We are starting a series of write-ups on the right foods for performing artists and here, we discuss about dietary fibres.

 

 

What are dietary fibres?


We are so familiar with the saying ‘Include a lot of fibre in your diet’. Have we, however thought about why we should stress so much on the ‘fibre content’ of our diets?

Let’s start by understanding what dietary fibres actually are:
Unlike other food components like fat, protein and carbohydrates, dietary fibres (also called roughage or bulk) are those components that our body cannot absorb and convert it into a simpler form. Dietary fibres found in our food moves into the digestive system through ingestion and passes down the stomach, intestines and colon almost intact.

 

There are two types of fibres found in our diet. They are soluble fibre and insoluble fibres. Soluble fibres get dissolved in water and become viscous in form. It gets fermented in the colon and gets converted into active byproducts. These byproducts are associated with a better functioning of the body’s internal physiology.

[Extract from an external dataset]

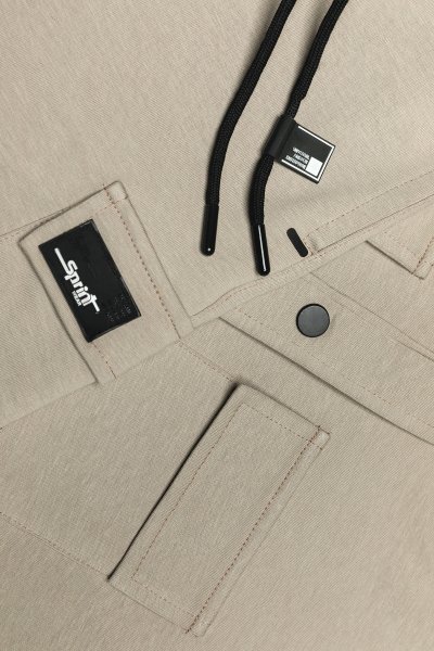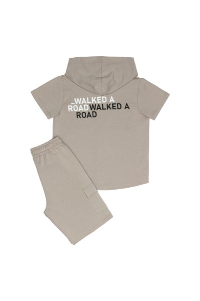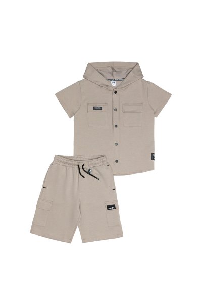 Παιδικό σετ βερμούδα Sprint για αγόρι από 7 έως 16 ετών. Πουκάμισο με κουκούλα σε μπεζ χρώμα με τύπωμα και μπεζ βερμούδα.
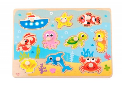 Ένα ξύλινο παζλ με εκπαιδευτικά σφηνώματα εμπνευσμένα από τον κόσμο της θάλασσας, ιδανικό για την ανάπτυξη των κινητικών δεξιοτήτων και τον συγχρονισμό ματιού-χεριού. Κατάλληλο για παιδιά ηλικίας άνω των 18 μηνών.

Insoluble fibres on the other hand are not soluble in water and add bulk to the diet. These fibres get fermented in the large intestines and helps ease the process of passing stools. When we say a diet rich in dietary fibres, it is actually a diet high in soluble or insoluble form of fibres. Moreover, both the fermentation process and the byproducts combined are often responsible for the health benefits that dietary fibre provides.
 

 

Role of dietary fibres


Performing artists require a healthy digestive system to maintain their energy levels for practice sessions and performances. They also need to keep their weight in control.
Although dietary fibres are not categorised under macro or micronutrients, these fibres play an important role in maintaining a healthy digestive system.

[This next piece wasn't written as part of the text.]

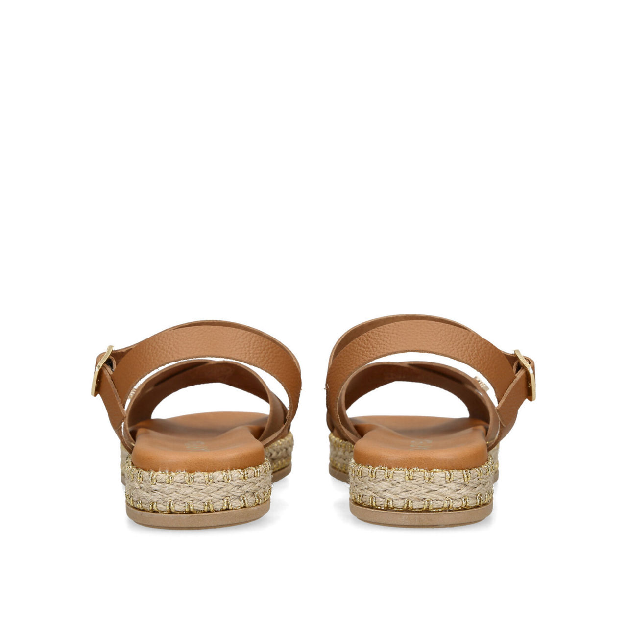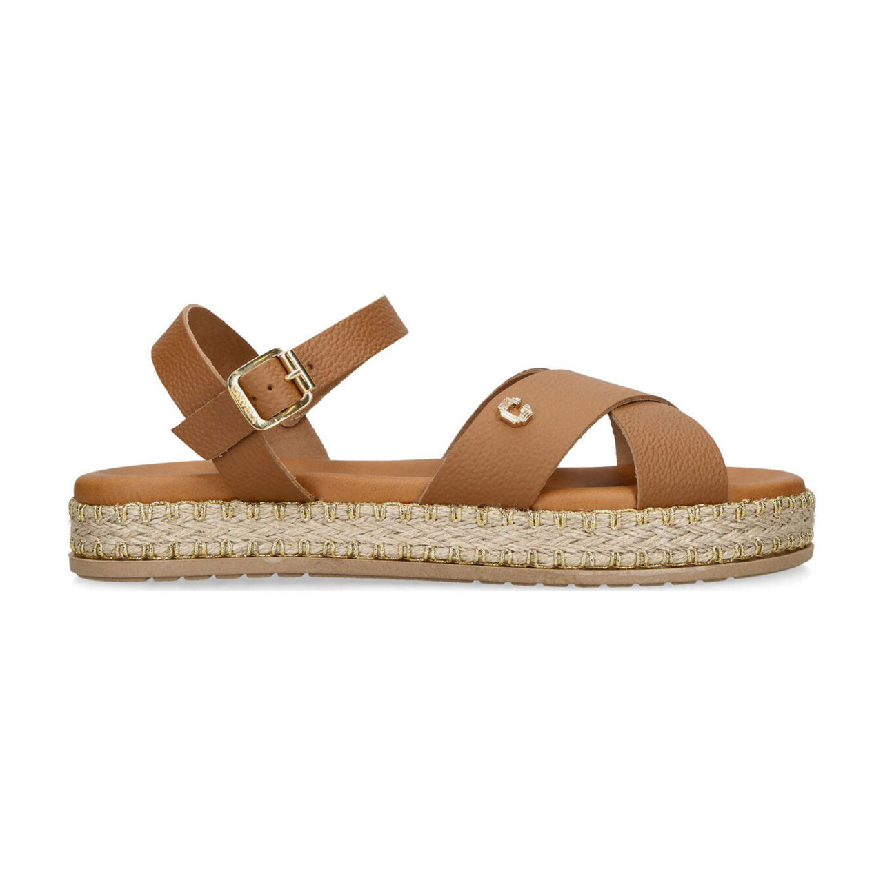 - Flat sole with rope detailing, ankle strap with gold-tone branded buckle fastening, cross-over foot strap, Icon C stud, open toe

Some key roles of dietary fibres are:
 Control blood glucose levels by slowing down glucose absorption rate .Therefore it
prevents a rise in the insulin levels in blood.

 Lowers LDL (bad cholesterol) levels in blood thus preventing coronary heart diseases.
 Improves bowel function by preventing constipation.
 Helps with managing weight as it provides a satiety feeling after a meal without adding calories.
 Reduces the risk of colorectal cancer.

 


Best sources of dietary fibres for performing artists


One of the best sources of fibre is bran. Oat bran provides more of soluble fibre that helps lower blood cholesterol levels. Other forms of bran like wheat bran and rice bran are rich sources of insoluble dietary fibre. Their dietary intake helps prevent constipation.
In addition to bran, different bean varieties like lima beans, kidney beans, cooked lentils and broad beans are all natural fibre rich foods. Excess intake of these foods might cause intestinal discomfort/bloating problems which in turn can affect the performer’s schedule. So we need to make sure to introduce such beans varieties in small quantities at first and gradually increase the portion size as the artist gets accustomed to the new diet.

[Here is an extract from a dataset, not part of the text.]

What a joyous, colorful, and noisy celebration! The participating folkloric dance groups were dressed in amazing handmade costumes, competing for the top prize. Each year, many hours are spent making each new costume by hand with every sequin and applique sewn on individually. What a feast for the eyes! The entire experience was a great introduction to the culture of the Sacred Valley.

Blackberries, currants, blueberries, gooseberries, raspberries and strawberries are wonderful sources of dietary fibre if eaten fresh. Please do make sure you have a few of them before you leave for your dance sessions. Berries could always be used as toppings/food ingredients for a cup of hot cereal/salads, yoghurt and so on.


Coming to a routine way of including fibre into your diet easily, whole grains are the best choice. Wheat flour, oats, barley, quinoa, whole grain bread and brown rice form great sources of dietary fibre.
 

Last but not the least, please make sure you carry a box of nuts like walnuts, cashew nuts and almonds whenever you are off for practice sessions or performances. They are good sources of dietary fibre. Fresh or frozen peas, dark green leafy vegetables like spinach and beet greens are also fibre-rich foods that can be included in your soups, stews or gravy dishes. You can include this in your pre/post performance hours while you are more relaxed. Make sure to leave an hour or so after having food before you start with your sessions.

 


Cooking and Storage of fibre-rich foods


Most of the fibre rich foods as mentioned above are available in dried form or have a better shelf life compared to many fresh foods; storage of fibre rich foods does not impose a problem. Cooking methods like steaming or sautéing does not reduce the fibre content of the foods in most cases unless we overcook the food ingredients.

 

 

Conclusion


The key role fibre plays in improving one’s health has now been accepted worldwide. Moreover research studies do not prove any nutrient loss from foods due to the interaction of fibre contained in foods.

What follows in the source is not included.